在本文中,将尝试从模拟人的角度出发,通过对人在操作过程中运动结构和决策方法的分析,充分考虑人对于环境约束信息与传感信息的融合,建立全局柔顺性操作框架,形成新的机器人高精度柔顺性操作算法和相应硬件平台,从而
(1)满足机器人典型操作任务的高精度需求;
(2)提高实现机器人操作任务算法的泛化能力;
(3)通过对环境约束信息的利用,以及与传感信息的融合,降低系统对于传感信息精度的依赖,提高系统的稳定性。
为机器人在我国制造业与服务业的进一步推广应用提供帮助。
针对上述研究目标,基于课题组前期利用环境吸引域实现无传感、高精度机器人操作的工作,本文研究高维位形空间中的环境约束的存在性与可用条件,同时考虑不完备传感信息与环境约束的融合,设计出机器人高精度柔顺性操作策略。主要研究内容包括:
第一,提出一种利用高维环境约束的机器人高精度操作规划方法。
针对三维凸零件的轴孔高精度装配问题,分析了位形空间中的接触状态与物理空间中的零件几何形状间的映射关系,给出了可用高维环境吸引域的存在条件,证明了三维凸零件装配过程中高维环境吸引域的广泛存在性,通过对一类凸多边形截面柱状零件的位形空间分析,给出了利用高维环境吸引域实现三维凸零件高精度装配的一般性应用策略。
第二,提出基于高维环境约束与传感信息融合的机器人高精度柔顺性操作融合框架与规划方法。
针对机器人操作的一般过程,在分析机器人与待操作物体在位形空间形成的高维环境约束的基础上,研究了传感信息在非物理空间的表达形式,证明了环境约束-传感信息融合空间内系统状态的稳定性条件,并在新空间设计了基于环境约束与传感信息融合的操作策略。针对带有触力觉反馈的手-眼系统,提出为实现快速反应的柔顺抓取方法,证明了这一操作策略的有效性。
第三,提出适用于机器人系统的全局柔顺性操作融合框架与作业方法。
分析人的生理结构,探索人实现操作柔顺性的硬件基础;开展人的行为学实验,分析人在操作过程中的动作和决策方式,探索人实现操作柔顺性的决策与控制的软件基础。基于人的工作机理,引入仿人的运动结构与运动机制,通过对传感信息与环境约束的融合,尝试建立适用于机器人的仿人全局柔顺性操作融合框架,实现对机器人仿人柔顺操作过程的有效操作与调节。
第四,基于以上提出的方法,设计了基于高维环境约束与传感信息融合的机器人高精度柔顺性装配系统。
通过“机构-约束-信息”的有机融合,以机器人~RV~减速器中的关键组件和一种通用双轴孔零件作为典型案例,利用低精度视觉与手爪-零件约束快速定位零件位姿,利用低精度力/力矩信息与零件间配合约束消除配合误差,从而实现上述组件的高精度、高可靠柔顺性装配,验证了操作策略的有效性。
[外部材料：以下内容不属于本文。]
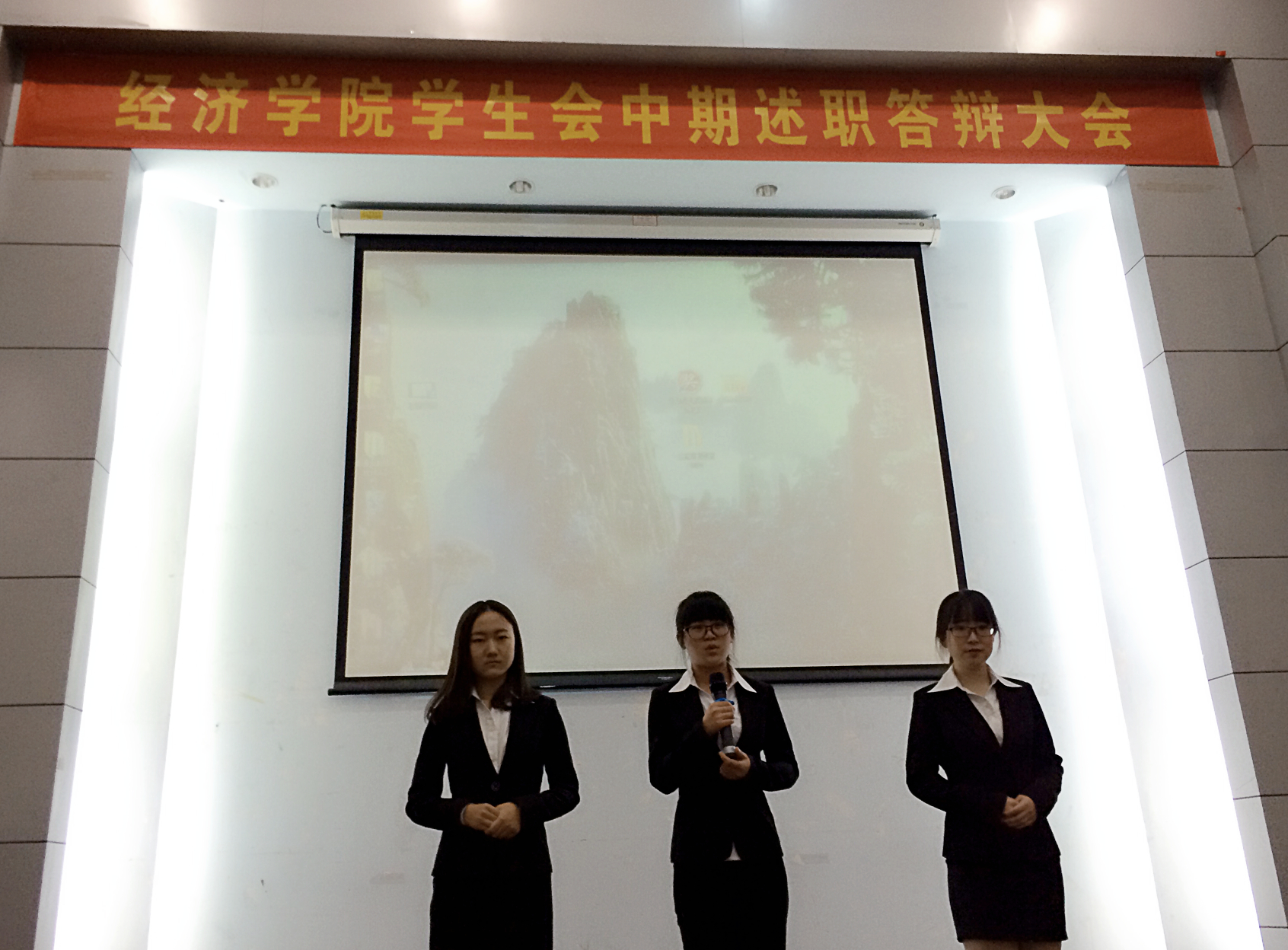 学生会各部门通过摇号确定了答辩的顺序,分别是组织部、秘书处、体育部、学术科技部、文艺部、社团工作部、志愿者服务部、对外交流部、新闻宣传部、新媒体部。各部门部长采用幻灯片的形式依次进行述职,总结了工作上的得失,并结合自身部门特点,对下一学期的工作任务进行了展望,提出下一阶段的工作目标和改进措施。聂老师和主席团在认真聆听部门述职后,向他们提出了精辟的问题并对他们未来的工作寄予厚望。答辩结束后,聂平老师对本次答辩会进行总结,在高度赞扬了各部门在本学期所做出的努力的同时,也指出了所存在的问题,并希望大家在下一阶段的工作中继续努力,为william威廉中文学生会工作更上一个新的台阶。

最后,对取得的研究成果进行了总结,讨论了环境约束与信息融合与机器人操作任务中高精度、高柔顺性与高通用性目标的关系以及对机器人操作研究领域的促进作用,讨论了下一步准备开展的工作。
英文摘要
How to achieve high precision and compliance for robotic systems has been a long-term concern in the field of robotics research. In the intersecting fields of robotics and (i) control science, (ii) mechanism science, (iii) material science, and (iv) computer science, the question above has been studied from extensive angles. However, how to make the robots realize human-level or human-like dexterity and compliance is still a focused issue in related fields. In addition, it is one of the key problems that restrict the further application of robots in the industry of high-precision essential component manufacturing, 3C manufacturing and so on.
 
In this paper, attempts will be started from the point of view of simulating humans, to create an overall framework for robotic compliant manipulation, through analysis of the motion structure and decision-making methods of human in the process of manipulation, with fully consideration of the integration of environmental constraints and sensing information, which leads to forming new robotic compliance algorithms and corresponding hardware platform to:
1) fulfill the requirement for typical robotic manipulation tasks,
2) improve the generalization ability of the algorithms for robotic manipulation tasks, and
3) reduce the dependence of system on the precision of the sensing information, and improve the stability of the system through the utilization and integration of environmental constraints and sensing information.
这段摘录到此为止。